Metadata-Version: 2.1
Name: basil-parser
Version: 0.4.2
Summary: Parser library using JSON file to describe language.
Author-Email: Luuk Verweij <luuk_verweij@msn.com>
License: MIT
Requires-Python: >=3.11
Description-Content-Type: text/markdown

# Basil

Simple Parser Library. Describe the syntax in a JSON file.

Features:
* Easy to use
* Syntax description in JSON, no complicated notation
* Transform parse tree to any type you want
* Helpful messages when parser runs into errors

Limitations:
* Does not detect conflicts
* Not designed for speed


### How to use

If you're unfamiliar with parsers, please read the section on [lingo used](#lingo-used) below.

##### 1. Create the syntax JSON for your language.
See [this example](tests/json_parser/syntax.json), which describes the syntax of a subset of JSON.

The JSON should be an object with the following values:
* a `keyword_tokens` object, where the name is the token type in `snake_case` and the value is a regex for tokens of this type.
* a `regular_tokens` object, similar to keyword tokens, except names can't overlap. Keyword tokens are considered higher priority.
* a `filtered_tokens` array of strings. Lists token types that should be ignored.
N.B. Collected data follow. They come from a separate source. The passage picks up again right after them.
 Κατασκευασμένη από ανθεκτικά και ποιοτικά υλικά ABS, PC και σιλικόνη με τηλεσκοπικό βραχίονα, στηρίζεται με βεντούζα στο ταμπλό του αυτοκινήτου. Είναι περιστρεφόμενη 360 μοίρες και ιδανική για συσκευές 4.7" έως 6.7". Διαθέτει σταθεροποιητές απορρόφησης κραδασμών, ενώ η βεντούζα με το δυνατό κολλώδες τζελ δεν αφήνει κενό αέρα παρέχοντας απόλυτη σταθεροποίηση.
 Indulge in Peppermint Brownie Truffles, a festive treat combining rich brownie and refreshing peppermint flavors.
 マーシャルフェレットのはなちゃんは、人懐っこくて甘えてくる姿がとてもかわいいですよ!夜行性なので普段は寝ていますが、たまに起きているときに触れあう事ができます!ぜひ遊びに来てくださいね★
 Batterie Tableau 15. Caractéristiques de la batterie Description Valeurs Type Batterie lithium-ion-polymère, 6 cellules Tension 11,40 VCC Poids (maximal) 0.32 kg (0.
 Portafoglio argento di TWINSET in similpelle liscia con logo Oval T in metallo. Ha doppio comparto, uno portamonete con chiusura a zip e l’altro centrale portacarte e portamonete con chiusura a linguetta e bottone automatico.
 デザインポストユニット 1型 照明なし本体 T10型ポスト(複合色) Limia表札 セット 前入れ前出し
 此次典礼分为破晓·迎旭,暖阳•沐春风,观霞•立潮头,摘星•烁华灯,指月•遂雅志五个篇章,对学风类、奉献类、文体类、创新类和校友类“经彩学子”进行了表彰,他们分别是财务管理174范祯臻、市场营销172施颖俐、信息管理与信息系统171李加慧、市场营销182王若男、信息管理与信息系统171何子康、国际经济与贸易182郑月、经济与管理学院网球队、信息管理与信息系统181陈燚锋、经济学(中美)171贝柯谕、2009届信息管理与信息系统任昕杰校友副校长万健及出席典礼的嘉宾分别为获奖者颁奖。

This is sometimes useful for getting rid of whitespace.
* a `nodes` object, where the name is the node type in `TITLE_CASE` and the value is an expression describing which configuration of child (tokens and nodes) is allowed, using this syntax:
    * `expr | expr`: choose one of the expressions
    * `(expr expr)`: combine expressions into one
    * `expr*`: repeat expression 0 or more times
    * `expr+`: repeat expression 1 or more times
    * `expr?`: expression is optional
* a `root_node` string value, indicating the node type of the root of the parse tree.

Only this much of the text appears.